[Exercise brief]
Under this line are records; the part from the line containing "A&A w Pabianicach." through the line containing "JEMITOP Men's Stretch" should be repeated exactly. Please exclude pictures.

[Dataset records]
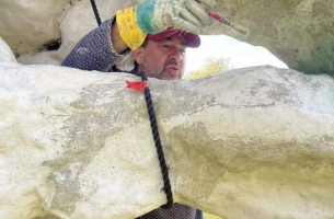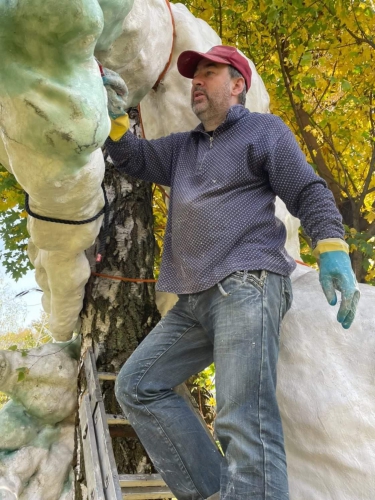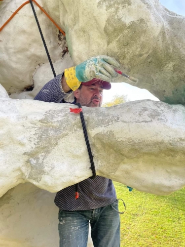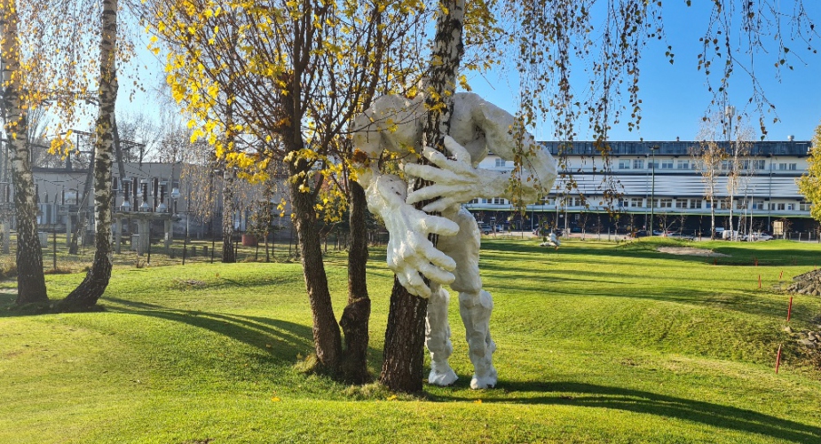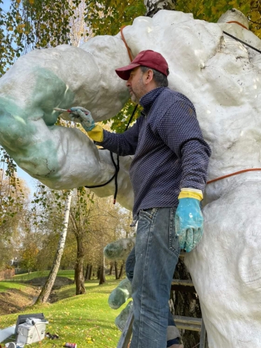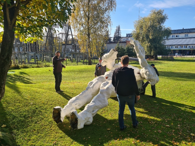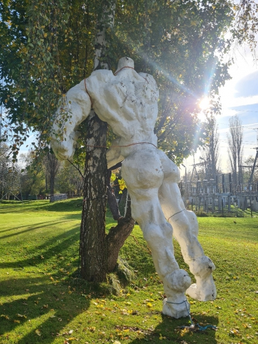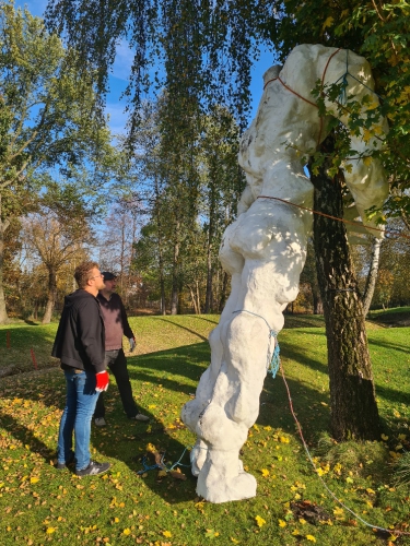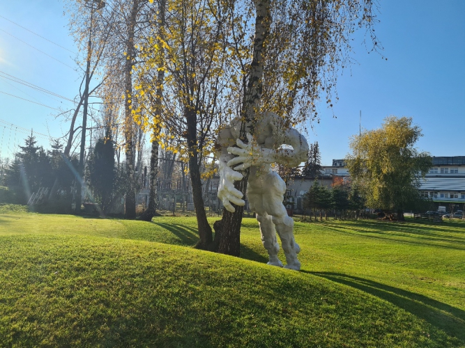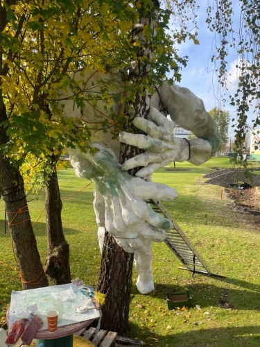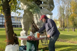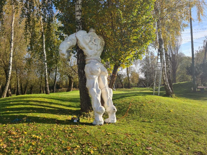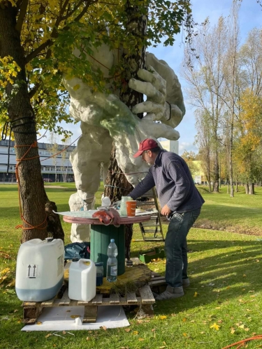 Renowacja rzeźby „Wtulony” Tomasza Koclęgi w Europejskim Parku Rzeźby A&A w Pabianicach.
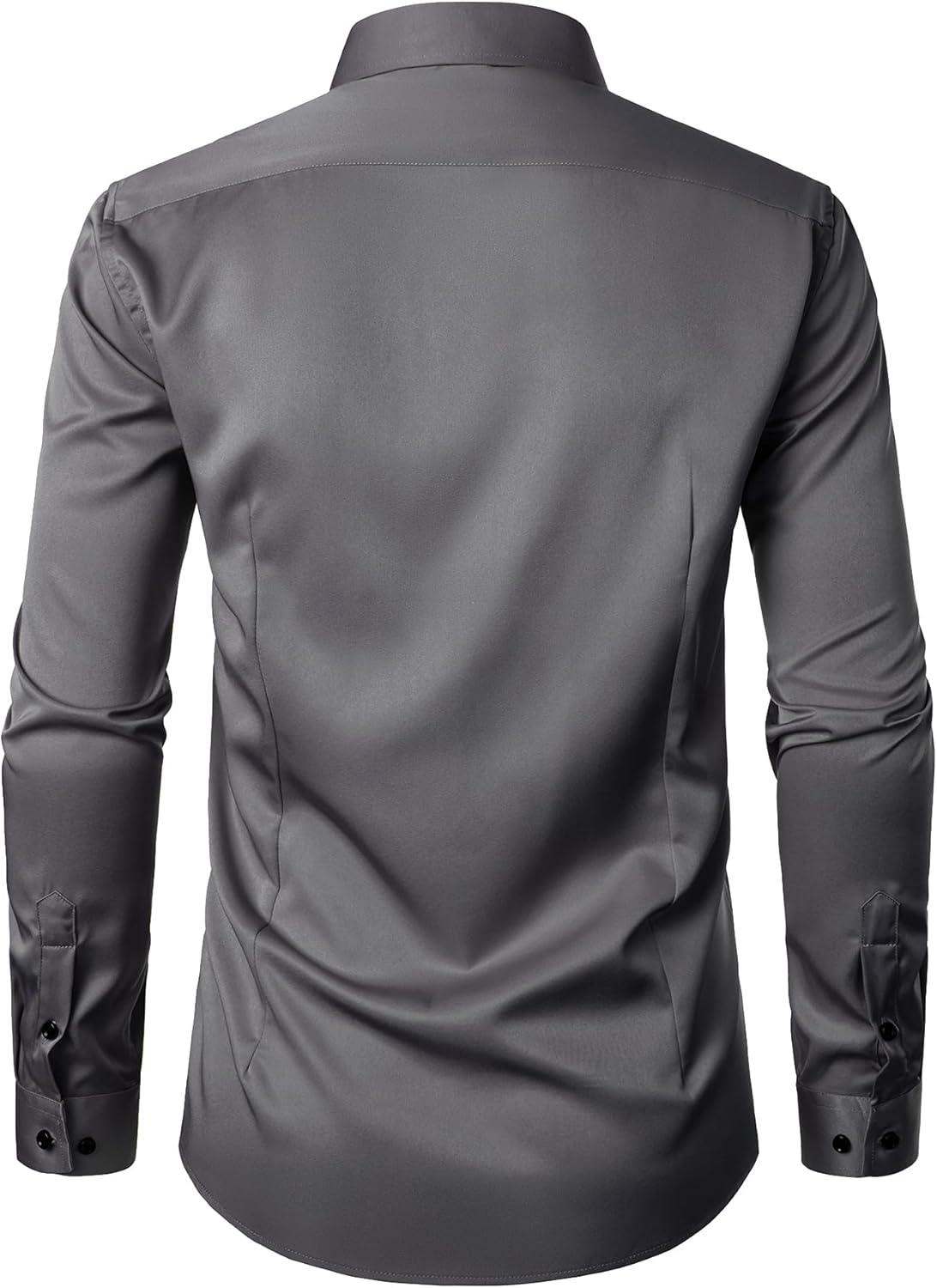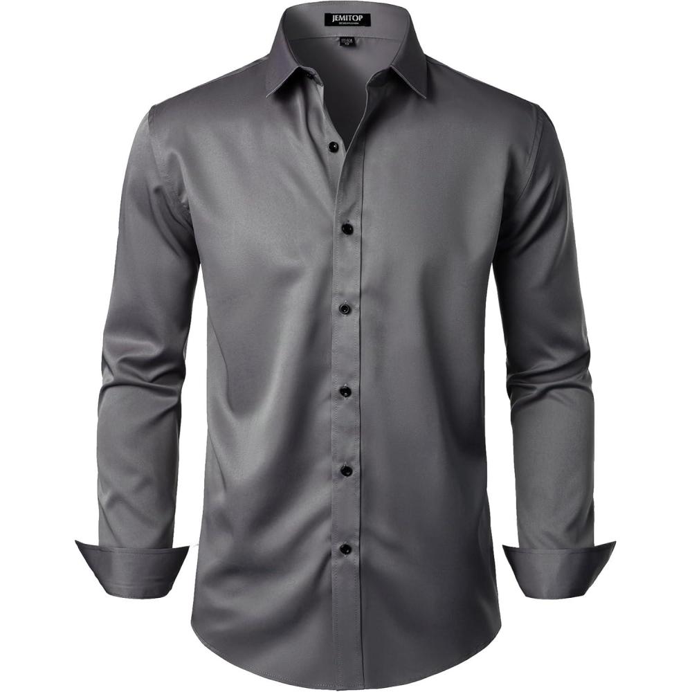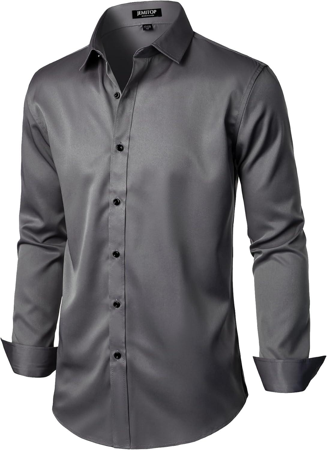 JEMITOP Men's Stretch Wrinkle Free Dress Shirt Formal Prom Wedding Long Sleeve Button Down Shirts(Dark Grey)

---

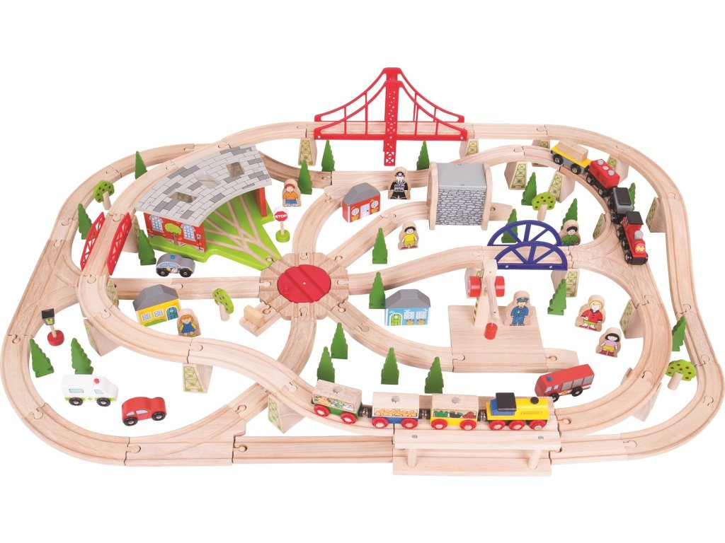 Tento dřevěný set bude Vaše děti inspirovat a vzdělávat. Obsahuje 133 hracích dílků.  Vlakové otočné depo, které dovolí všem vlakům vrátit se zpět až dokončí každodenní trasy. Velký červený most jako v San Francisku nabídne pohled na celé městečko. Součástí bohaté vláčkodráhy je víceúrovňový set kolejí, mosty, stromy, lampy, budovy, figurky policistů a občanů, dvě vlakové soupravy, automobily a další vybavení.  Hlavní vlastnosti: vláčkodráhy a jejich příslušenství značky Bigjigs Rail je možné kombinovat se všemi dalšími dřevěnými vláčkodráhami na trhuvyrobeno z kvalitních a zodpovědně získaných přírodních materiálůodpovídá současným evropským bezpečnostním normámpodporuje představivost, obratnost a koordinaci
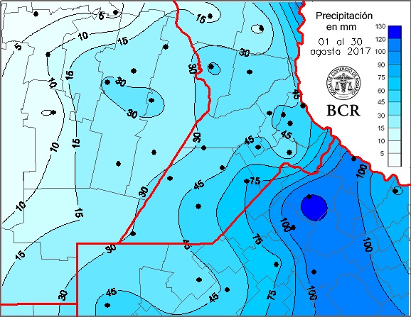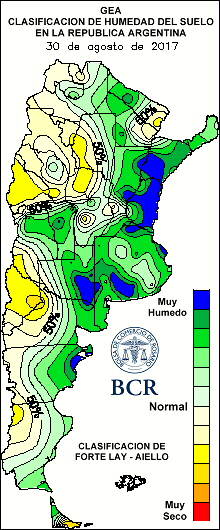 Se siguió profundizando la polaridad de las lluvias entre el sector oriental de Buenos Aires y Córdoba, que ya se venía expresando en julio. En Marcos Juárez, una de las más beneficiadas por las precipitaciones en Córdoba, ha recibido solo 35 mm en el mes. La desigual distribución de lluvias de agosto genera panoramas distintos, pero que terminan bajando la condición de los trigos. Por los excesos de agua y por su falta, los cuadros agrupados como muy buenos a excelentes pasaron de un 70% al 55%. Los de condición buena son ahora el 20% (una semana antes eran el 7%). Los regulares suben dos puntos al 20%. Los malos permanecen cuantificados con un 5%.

...

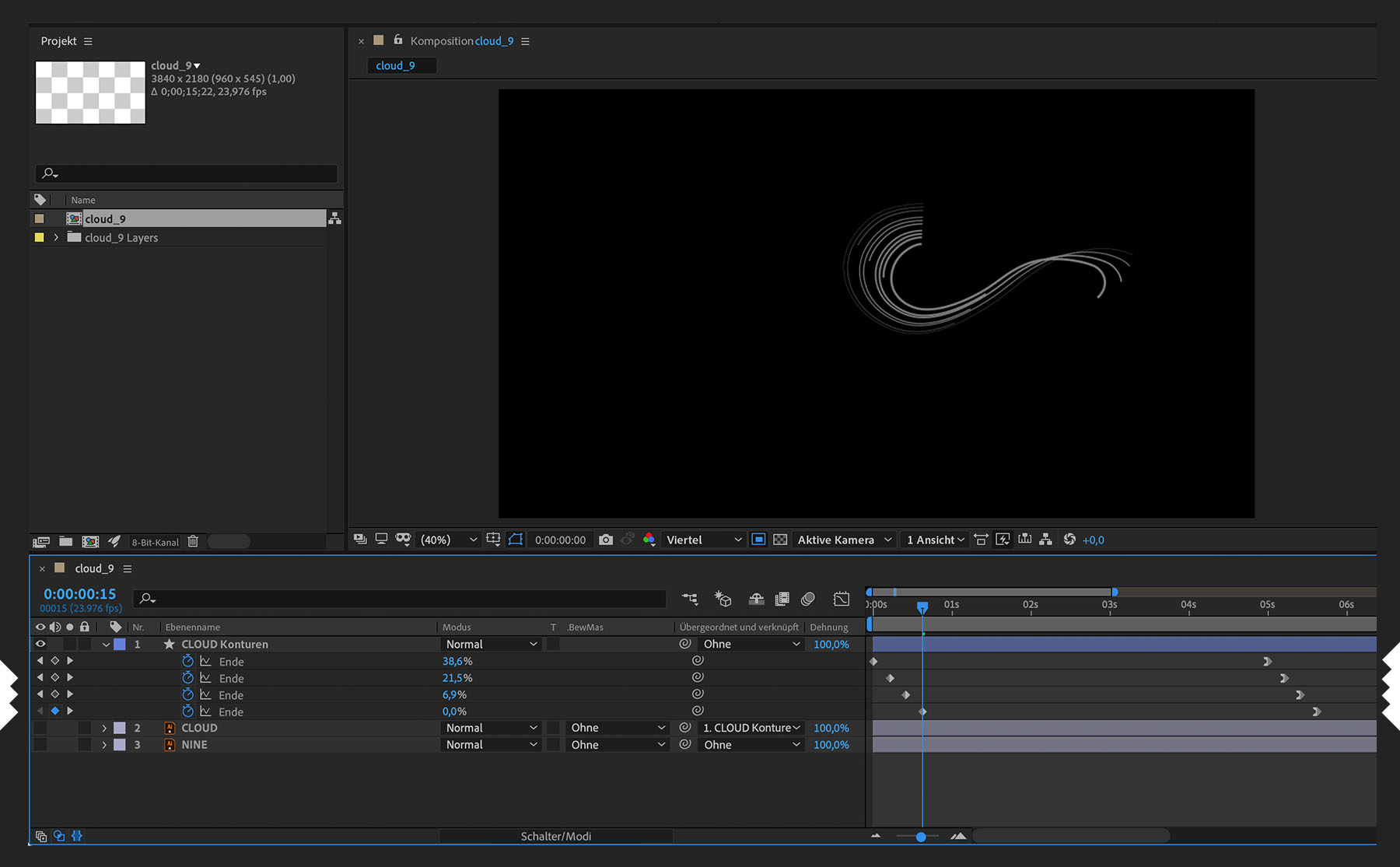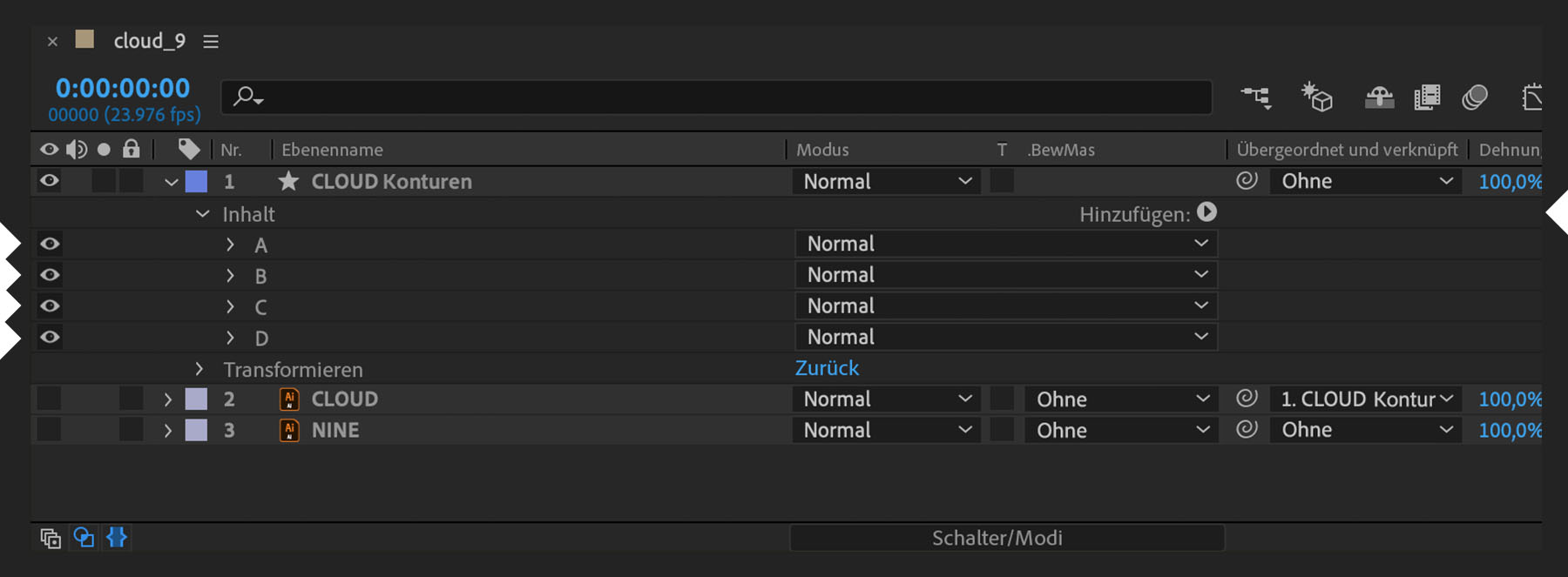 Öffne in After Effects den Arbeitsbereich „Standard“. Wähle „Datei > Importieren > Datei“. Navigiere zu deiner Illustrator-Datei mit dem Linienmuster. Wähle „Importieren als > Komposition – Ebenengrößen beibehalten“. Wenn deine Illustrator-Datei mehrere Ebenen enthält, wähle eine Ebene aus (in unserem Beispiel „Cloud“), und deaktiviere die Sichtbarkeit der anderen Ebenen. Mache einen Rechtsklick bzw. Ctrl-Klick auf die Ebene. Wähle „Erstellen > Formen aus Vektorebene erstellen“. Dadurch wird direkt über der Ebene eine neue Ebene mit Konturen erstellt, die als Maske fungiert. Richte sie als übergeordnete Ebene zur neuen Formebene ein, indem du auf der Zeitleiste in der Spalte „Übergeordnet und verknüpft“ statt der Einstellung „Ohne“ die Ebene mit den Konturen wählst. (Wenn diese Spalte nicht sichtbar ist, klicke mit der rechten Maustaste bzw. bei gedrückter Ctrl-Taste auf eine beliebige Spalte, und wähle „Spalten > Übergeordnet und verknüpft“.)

[Answer section]
 Renowacja rzeźby „Wtulony” Tomasza Koclęgi w Europejskim Parku Rzeźby A&A w Pabianicach.
 JEMITOP Men's Stretch Wrinkle Free Dress Shirt Formal Prom Wedding Long Sleeve Button Down Shirts(Dark Grey)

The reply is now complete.